В ответ леди недоверчиво покачала головой:

— Не стану я ничего доказывать человечку ростом меньше шести дюймов! — воскликнула она. — Я просто заставлю его работать, и все!

— И что же он будет делать?

— Вышивать! — тотчас парировала леди. — Представляете, какая тонкая вышивка у него получится!

— Ну а если они ошибутся? — возразил я, — Как вы им докажете, что они неправы? Я не утверждаю, что они непременно ошибутся, но просто говорю, что это невозможно.
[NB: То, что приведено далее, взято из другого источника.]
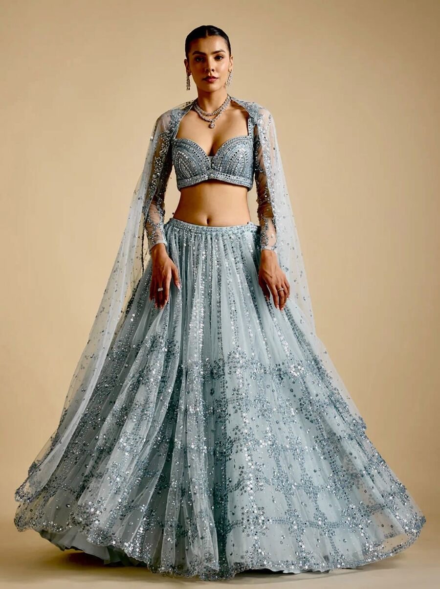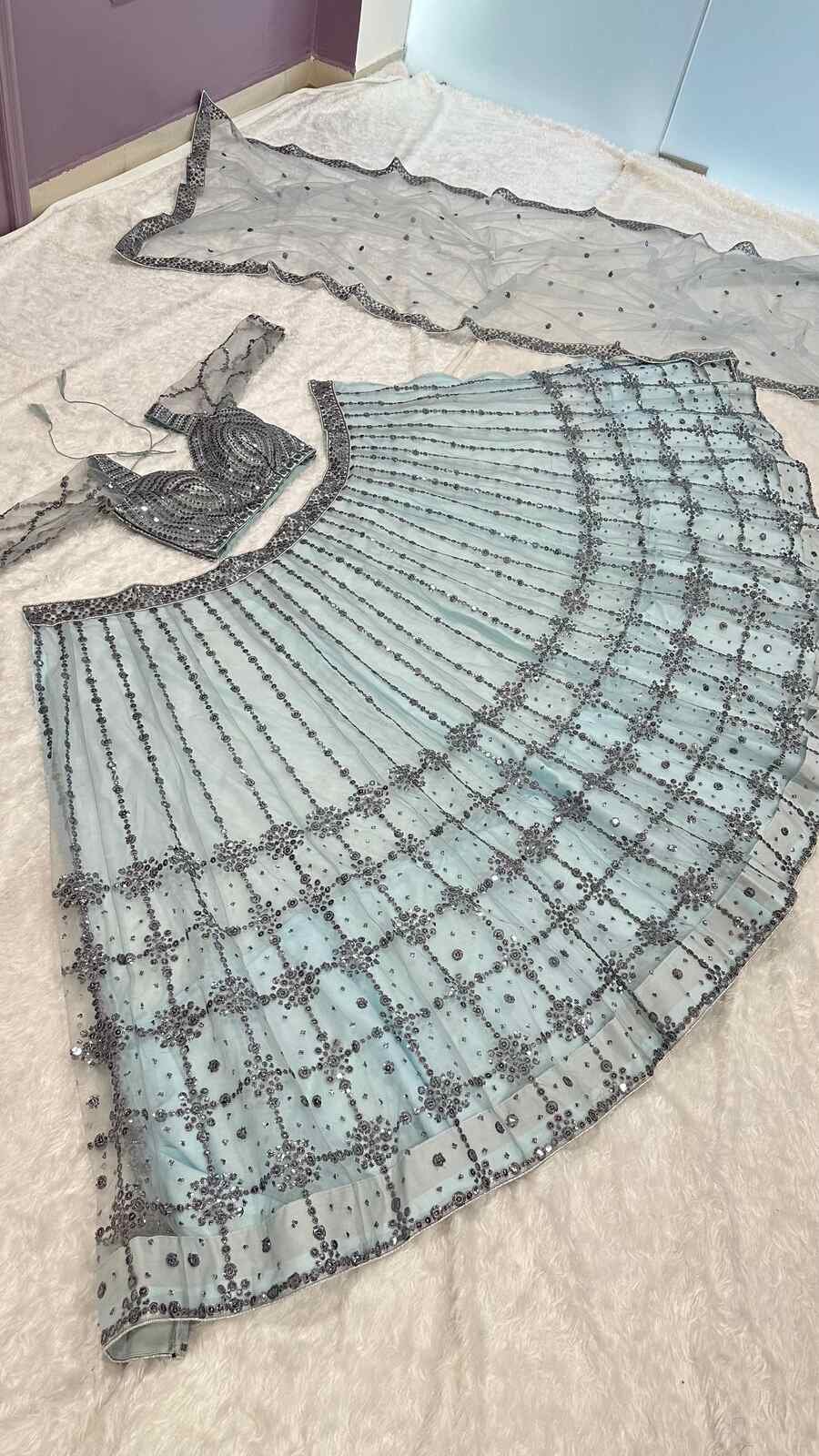 DESIGNER NET SEQUENCE WORK LEHENGA CHOLI WITH DUPATTA SKY

— Все дело в том, — отвечала леди Мюриэл, — чтобы не уронить собственного достоинства.

— Разумеется, это главное! — отозвался Артур. — Ведь это все равно что спорить с картофелиной. Это уж точно будет — прошу прощения за невольный каламбур — удар ниже пояса!

— Не согласен, — заметил я. — Меня не убедил даже твой каламбур.
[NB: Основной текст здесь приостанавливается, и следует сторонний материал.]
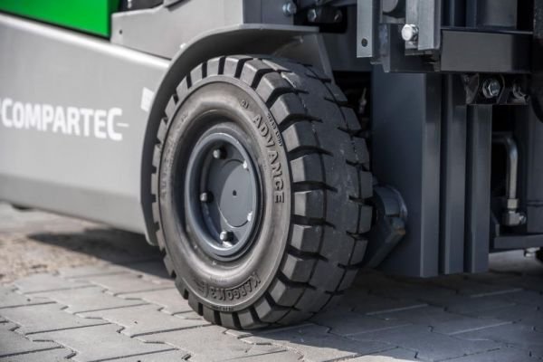 Die montierten Vollgummireifen überzeugen durch geringen Rollwiderstand, was wiederum den Fahrwiderstand und somit den Energieverbrauch senkt.

— Ну, если уж это для вас не аргумент, — заметила леди Мюриэл, — что же тогда может убедить вас?

Я попытался понять смысл ее вопроса: мне мешало назойливое жужжание пчел. Кроме того, в воздухе веяло какой-то странной дремотой, повергающей в сон любую мысль, прежде чем она успеет дойти до сознания. Я мог только сказать:

— Вероятно, все зависит от веса картофелины…

Сказав это, я почувствовал, что моя реплика не возымела ожидаемого действия. Но леди Мюриэл, по-видимому, все же поняла ее.

— В таком случае… — начала она, но затем резко умолкла и прислушалась. — Вы слышите? — сказала она. — Он плачет. Надо поспешить к нему!

— Очень странно! — сказал я себе. — Я думал, что со мной говорит леди Мюриэл. А это, оказывается, Сильвия! — Я опять попытался сказать что-нибудь глубокомысленное. — А как же быть с картофелиной?

Глава двадцать перваяЗА ДВЕРЬЮ ИЗ СЛОНОВОЙ КОСТИ

— Сама не знаю, — отвечала Сильвия. — Гм! Мне надо подумать. Я вполне могу сходить за ним и одна. Но мне хотелось бы, чтобы вы тоже пошли со мной.

— Ну, тогда позволь мне проводить тебя, — взмолился я. — Уверяю тебя, я хожу так же быстро, как ты.

Сильвия звонко рассмеялась:

— Чепуха какая! — воскликнула она. — Да вы и шага не сможете сделать. Вы ведь лежите врастяжку на спине! Вы в этом ничего не смыслите.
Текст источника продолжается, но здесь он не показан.